Applications to make and register silencers are denied if approving them would cause the applicant to violate another law-i.e., if approving an application would result in a convicted felon's possession of a firearm. See § 5822.
II. The Parties
Floice Allen, Tracy Martin, and David Schintz (“Individual Plaintiffs”) are citizens who wish to make silencers at home without filing an application or paying the tax. They allege that it violates their Second Amendment rights for the federal government to require them to seek permission and pay a tax to make silencers at home for personal, non-commercial use. Plaintiffs also allege that they do not intend to make their silencers from any major component part manufactured outside of Texas, that they intend to own these silencers in perpetuity, and that they seek to make them for the exclusive purpose of home defense. But Plaintiffs have neither alleged that they in fact possess an illegal, non-registered silencer nor that they have attempted to complete the application to make one or paid the tax.
The State of Texas joins as a plaintiff to vindicate what it sees as its “quasi-sovereign interests” in its residents' ability to make silencers at home-uninhibited by federal regulation. Texas alleges that its residents' physical and economic well-being are at stake because the making and use of these silencers would protect an individual's ability to hear would-be home intruders and improve their ability for selfdefense.
LEGAL STANDARD
Summary judgment is appropriate when the moving party “shows that there is no genuine dispute as to any material fact” and “is entitled to judgment as a matter of law.” FED. R. CIV. P. 55(a). A dispute is “genuine” if the evidence presented would allow a reasonable jury to return a verdict for the non-moving party. Anderson v. Liberty Lobby, Inc., 477 U.S. 242, 242-43 (1986). A fact is “material” when it might affect the outcome of a case. Id. at 248. When determining whether summary judgment is appropriate, the Court views the evidence in the light most favorable to the nonmovant. First Am. Title Ins. Co. v. Cont'l Cas. Co., 709 F.3d 1170, 1173 (5th Cir. 2013). In conducting its evaluation, the Court may rely on any admissible evidence available in the record but need only consider those materials cited by the parties. FED. R. CIV. P. 55(c)(1)-(3).
ANALYSIS
I. Standing
Under Article III of the Constitution, “cases” or “controversies” only exist when a plaintiff has standing to sue. United States v. Texas, 143 S.Ct. 1964, 1966 (2023). Standing has three basic requirements. Lujan v. Def. of Wildlife, 504 U.S. 555, 560 (1992). First, there must be a concrete injury in fact that is not conjectural or hypothetical. Whitmore v. Arkansas, 495 U.S. 149, 149 (1990). Second, there must be causation-a fairly traceable connection between a plaintiff's injury and the complained-of conduct of the defendant. Simon v. E. Ky. Welfare Rts. Org., 426 U.S. 26, 41-42 (1976). Third, there must be redressability-a likelihood that the requested relief will redress the alleged injury. See Lujan, 504 U.S. at 562.

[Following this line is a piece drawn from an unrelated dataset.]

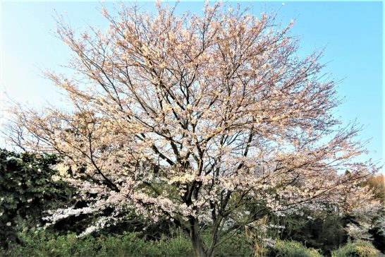 昼前散歩は出来ず。夕刻散歩では総合公園テニスコート北の【私の桜】が満開(写真1)。西日を受けてピンクが鮮やかだった。本日4,076歩。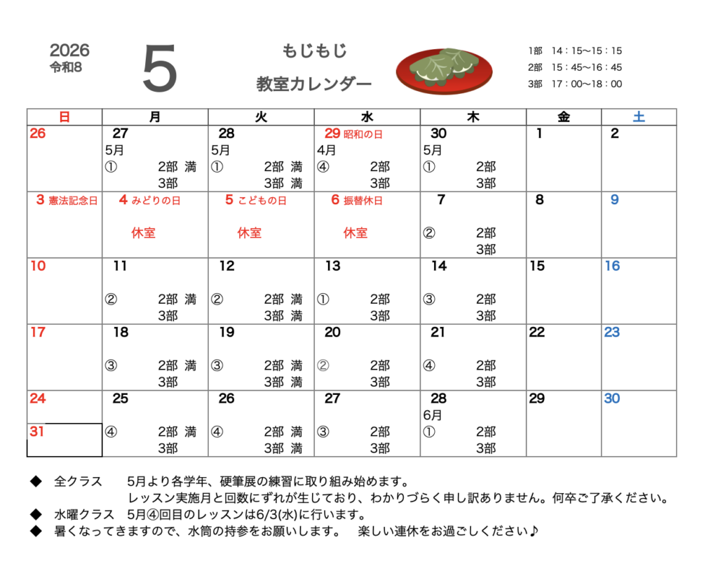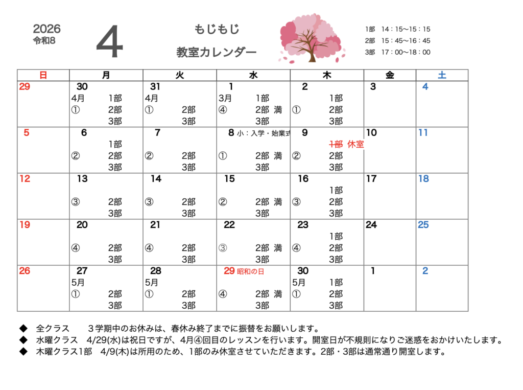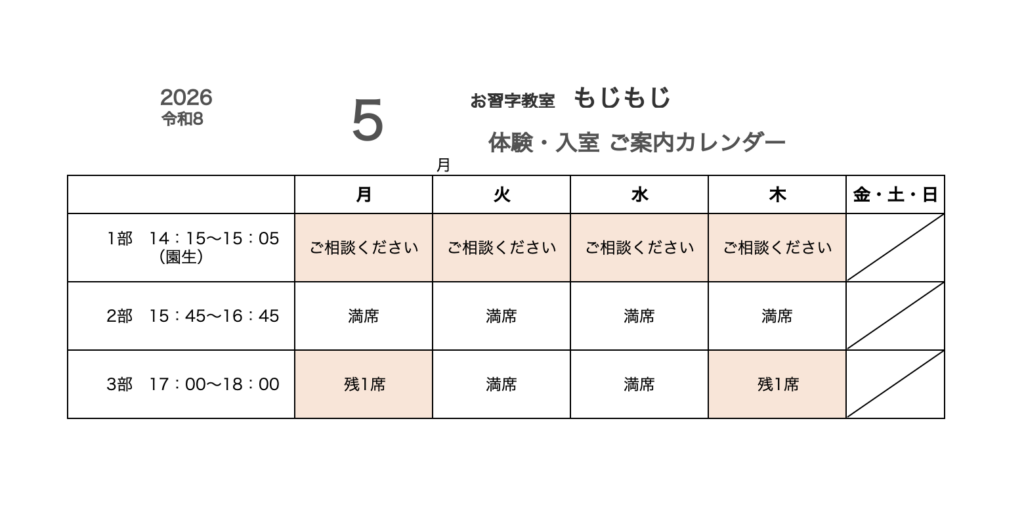 もじもじに通ってくださっている生徒さんへ、教室カレンダーをお知らせいたします!

Here, the Parties only contest whether Plaintiffs have suffered an injury in fact. The Court therefore sights its analysis on that element.
A. Individual Plaintiffs' Injury In Fact
Individual Plaintiffs allege that they are susceptible to two injuries. First, Individual Plaintiffs allege that their intent to engage in criminalized conduct-which they argue is constitutionally protected- opens them to the future injury of prosecution. Second, Individual Plaintiffs allege they would be injured because the application process, registration requirements, and the tax violate their constitutional rights. In essence, Individual Plaintiffs argue that they should not have to comply with the regulatory and tax scheme at issue because making silencers is protected under the Second Amendment.
1. Future Criminal Enforcement
An allegation of future injury may suffice for Article III if the threatened injury is certainly impending, imminent, or there is a substantial risk that the harm will occur. Clapper v. Amnesty Intern. USA, 568 U.S. 398, 415-16 n.5 (2013). Alleging that a future injury is merely “possible” is not enough, Id. at 409, because imminence “cannot be stretched beyond its purpose[, to ensure] that the alleged injury is not too speculative for Article III.” Lujan, 504 U.S. at 560-61.
A plaintiff bringing a pre-enforcement challenge to a criminal statute must “demonstrate a realistic danger of sustaining a direct injury [from its] enforcement.” Babbitt v. United Farm Workers Nat. Union, 442 U.S. 289, 298 (1979). And plaintiffs who allege an intent to engage in proscribed conduct affected by a constitutional interest do not need to “expose [themselves] to actual arrest or prosecution” before they may challenge the law. Id. (citing Steffel v. Thompson, 415 U.S. 452, 459 (1974)). But a plaintiff fails to allege a case or controversy when they do not allege that they have ever been threatened with prosecution or that prosecution is likely. Younger v. Harris, 401 U.S. 37, 42 (1971); see also Umphress v. Hall, 500 F.Supp.3d 553, 559 (N.D. Tex. 2020) (Pittman, J.).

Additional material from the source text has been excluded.